“O jornalista pediu, então, um comentário às eleições que se aproximavam. Para Egas Moniz, a palavra mais exata seria ‘nomeações’. O uso da fórmula democrática das eleições consistia numa ‘camuflagem’ a que as ditaduras recorriam. ‘Não vale a pena lutar sem haver iguais meios de propaganda, recenseamentos honestos dos eleitores, intervenção da oposição nas mesas primárias e nas subsequentes operações eleitorais. Sem isso não há luta, há… imolação.’ A frase seguinte seria puxada pelo jornalista para título: ‘A COMÉDIA VAI REPETIR-SE!’ ”.
Escrevo esta recensão sob o signo do entusiasmo, começando por dizer que “A Glória Efémera”, de Paulo M. Morais, é talvez a mais extraordinária biografia que li até hoje. Página após página, assiste-se à construção de um vasto fresco humano, intelectual e histórico, onde a figura do Nobel da Medicina surge em permanente diálogo com o seu tempo. A escrita, elegante e segura, revela um autor que domina as fontes, cruza saberes e encadeia episódios biográficos e bibliográficos com conta, peso e medida. O resultado é um livro que se lê como fonte de investigação e como narrativa, o prazer da descoberta de mãos dadas com a solidez do método. Ao enumerar e contextualizar feitos e datas, Paulo M. Morais faz emergir um homem inteiro, contraditório e fascinante, cuja glória - científica, política e social - se revela sempre transitória, sujeita ao desgaste do tempo, das circunstâncias e das paixões humanas. Essa consciência atravessa toda a obra, conferindo-lhe uma densidade reflexiva que vai muito além do mero registo celebratório.

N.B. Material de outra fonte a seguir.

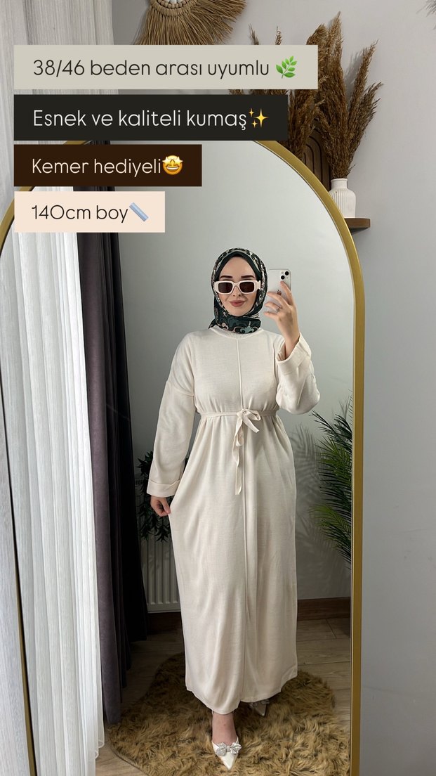Yüksek yakalı, uzun kollu ve bol kesim beyaz elbise, esnek ve kaliteli triko kumaştan yapılmıştır. Kemer hediyelidir ve 140 cm uzunluğundadır.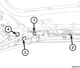 13. Install both clips (4) to the panel to panel cylinder.

Uma das dimensões mais marcantes do livro é a atenção dedicada ao Egas Moniz político, figura central dos conturbados anos da Primeira República - e, mais tarde, voz desassombrada contra a ditadura do Estado Novo. Paulo M. Morais evidencia a inteligência estratégica, o calculismo frio e a notável capacidade de intervenção de um homem que fez da política um jogo complexo, de avanços e recuos, de alianças provisórias e rupturas calculadas. O autor recorre de forma particularmente feliz à imprensa nacional e, sobretudo, regional, usando-a como espelho do País e instrumento de análise do seu pulsar político, económico, social e moral no primeiro quartel do século XX. Esse trabalho minucioso permite reconstituir não apenas os debates e as crises, mas também o ambiente, os humores e as expectativas de uma sociedade em permanente sobressalto, dando à biografia uma espessura coletiva que a embeleza e engrandece.
No plano científico, “A Glória Efémera” acompanha com rigor e clareza o percurso do descobridor da arteriografia cerebral e, mais tarde, da leucotomia pré-frontal, técnica distinguida com o Prémio Nobel. O autor descreve o labor persistente face à escassez de meios, o método, as dúvidas e as certezas, bem como a teia de amizades, cumplicidades e rivalidades que rodearam Egas Moniz. À medida que o reconhecimento internacional cresce, avoluma-se também a montanha de detratores, invejosos e caluniadores, num ambiente onde a ciência se cruza com vaidades, interesses e ressentimentos. O momento do Nobel surge como ápice e viragem. A consagração individual transforma-se em palco para a visibilidade da ciência portuguesa, mas também em objecto de um aproveitamento político descarado e vergonhoso por parte do regime de Salazar, que a seu bel-prazer fez questão de instrumentalizar a glória alheia para legitimar a sua própria narrativa.
O livro acompanha o progressivo isolamento do homem, mas também o regresso do político que ousou bater-se na defesa do livre pensamento e que disse sentir-se prisioneiro na sua própria terra, tornando-se símbolo involuntário do protesto contra a ditadura do fascista Salazar. Os últimos anos, marcados pelo intensificar das crises de gota e pela reclusão na Casa do Marinheiro, em Avanca, são narrados com sobriedade e humanidade. Pelo caminho, surgem apontamentos de múltiplos registos, dos menus opíparos de receções e jantares de gala aos oito tiros disparados sobre si no consultório lisboeta, dos passeios de moliceiro na Ria de Aveiro à correspondência com sábios ilustres e cidadãos anónimos, do apreço pelos nossos maiores escritores, com destaque para Júlio Dinis, aos prazeres simples da vida no campo. Expressões de época ou palavras grafadas no original acrescentam verdade e oferecem textura e calor ao retrato do biografado, lembrando-nos que, para lá da glória efémera, permanece o homem, com as suas fragilidades, paixões e desejos de permanência.